> Task description
Pictures in the listing should not be copied. Reproduce, word for word, each line from the one holding "Abbildung 1:Eine perfekte" through the final line.
---------- Provided data
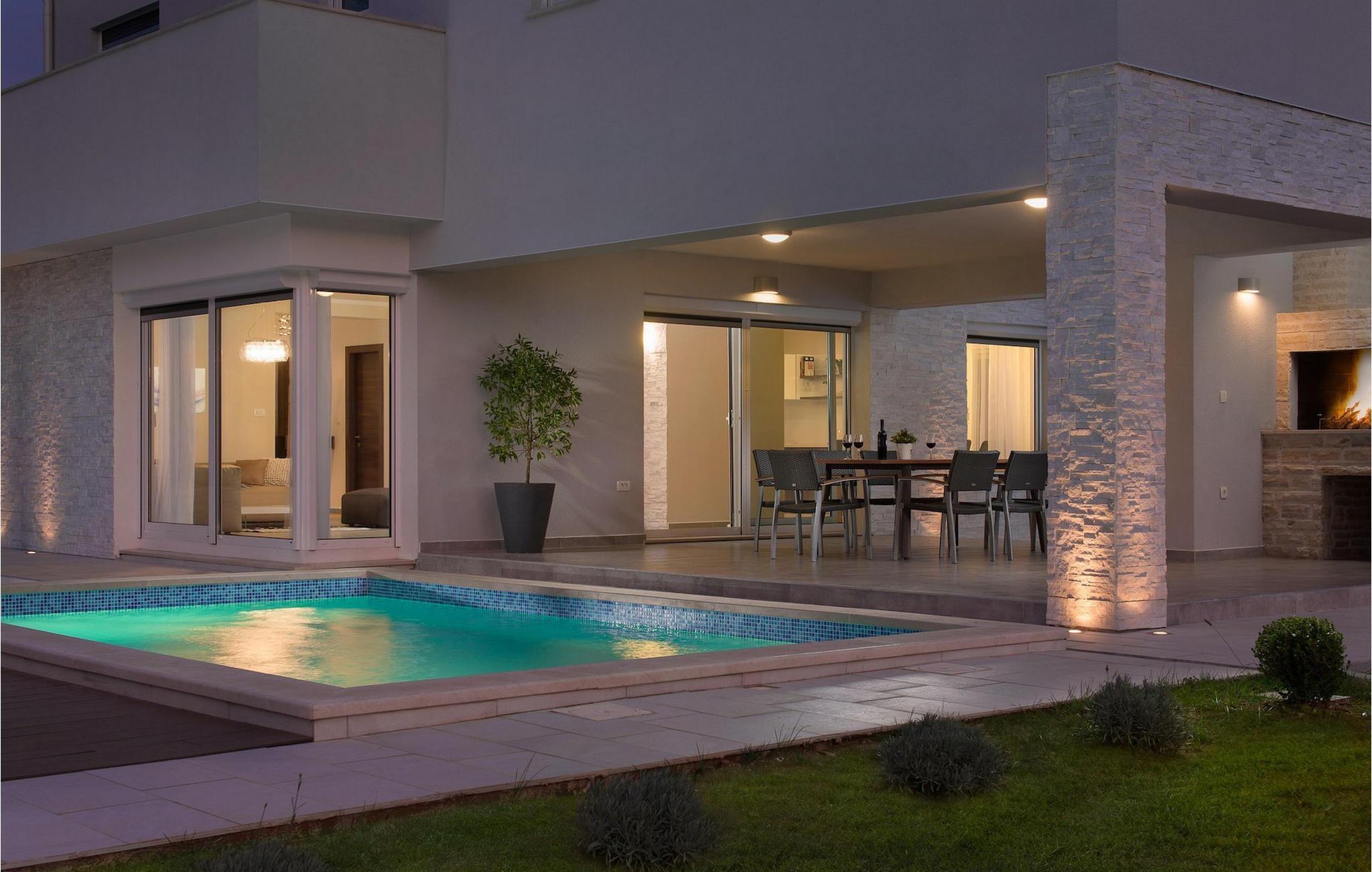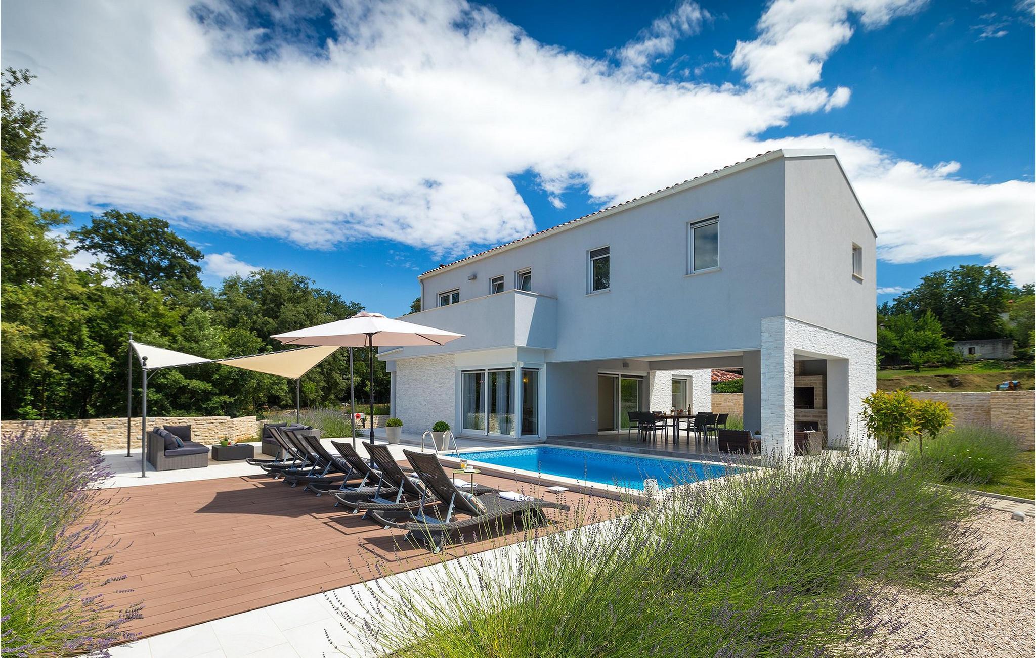 Vakre Villa Tireli er synonymt med luksus! Denne koselige og romslige villaen har totalt 4 soverom og plass til opptil 8 personer. Alle rommene i villaen er lyse og gjennomstrømmet av lys, innredet i en minimalistisk stil, men fullt utstyrt slik at du ikke skal mangle noe i ferien. I første etasje finner du kjøkkenet med spiseplass og stuen med direkte utgang til terrassen. I første etasje finner du 4 soverom, alle med dobbeltseng og eget bad. Utenfor kan du nyte freden og roen på landsbygda mens du slapper av ved bassenget. Bordtennis, bordfotball og badstue står til din disposisjon for å gjøre det hele litt mer luksuriøst.denne eiendommen ligger i en liten landsby i den østlige delen av Istria. Hele Regon Istria er lett tilgjengelig og har et utmerket veinett med lite trafikk. Du vil utvilsomt glede deg over at den nærmeste stranden ligger bare 5 kilometer unna, ettersom den istriske halvøya "Terra Magic" ligger ved det varme Adriaterhavet. Kysten med de store turistsentrene Labin og Rabac samt flyplassen i Pula ligger bare noen få minutter unna med bil. Labin, som ligger på en høyde over den magiske Kvarnerkysten, er det historiske og administrative sentrum i det østlige Istria. Området er et paradis for kunst- og historieelskere med sin rike kultur- og arkitekturarv. I de bratte, svingete gatene i den gamle bykjernen finner du velbevarte historiske palasser, mange kunstgallerier og atelierer, samt ulike jazz- og klassiske musikkfestivaler i sommermånedene. Byen har noen utmerkede fiskerestauranter med deilige lokale råvarer og koselige kafeer der du kan nyte den avslappede atmosfæren. Kystbyen Labin er Rabac, en tidligere fiskerlandsby som i dag er et populært turistmål omgitt av en rekke vakre rullesteinsstrender.
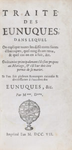 ---1707.--- LIBRO: ---(DERECHO-MATRIMONIO)---. ---[ANCILLON, CHARLES]:--- ---TRAITE DES EUNUQUES, DANS LEQUEL ON EXPLIQUE TOUTES LES DIFFERENTES SORTES D´EUNUQUES, QUEL RANG ILS ONT TENU, & QUEL CAS ON EN A FAIT, &C. ON ÉXAMINE PRINCIPALMENT S´ILS...
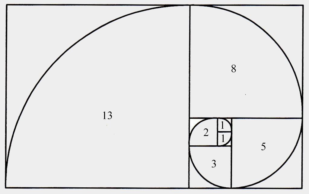 Abbildung 1:Eine perfekte Spirale, gebildet aus aneinandergrenzenden Quadraten, deren Abmessungen auf der Fibonacci-Folge basieren.
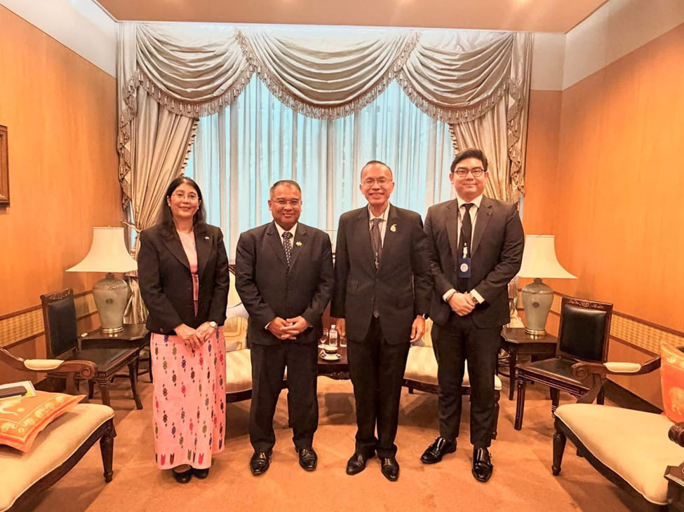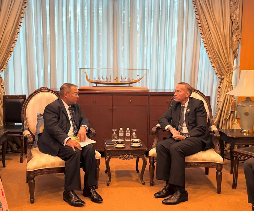 正文:3月9日下午,缅甸驻泰国大使吴佐佐梭与泰国外长顾问卡拉亚纳·维帕提普米普拉特斯(Kallayana Vipattipumiprates)举行会面。吴佐佐梭祝贺对方就任新职,并表示会密切配合提升双边合作。随后,双方重点讨论了如何维护边境安全稳定,以及推动边境贸易恢复正常。此外,两人还探讨了扩大经济合作的市场机会,并交流了在泰国的缅甸劳工相关事宜。
--------------------
> Written response
 Abbildung 1:Eine perfekte Spirale, gebildet aus aneinandergrenzenden Quadraten, deren Abmessungen auf der Fibonacci-Folge basieren.
 正文:3月9日下午,缅甸驻泰国大使吴佐佐梭与泰国外长顾问卡拉亚纳·维帕提普米普拉特斯(Kallayana Vipattipumiprates)举行会面。吴佐佐梭祝贺对方就任新职,并表示会密切配合提升双边合作。随后,双方重点讨论了如何维护边境安全稳定,以及推动边境贸易恢复正常。此外,两人还探讨了扩大经济合作的市场机会,并交流了在泰国的缅甸劳工相关事宜。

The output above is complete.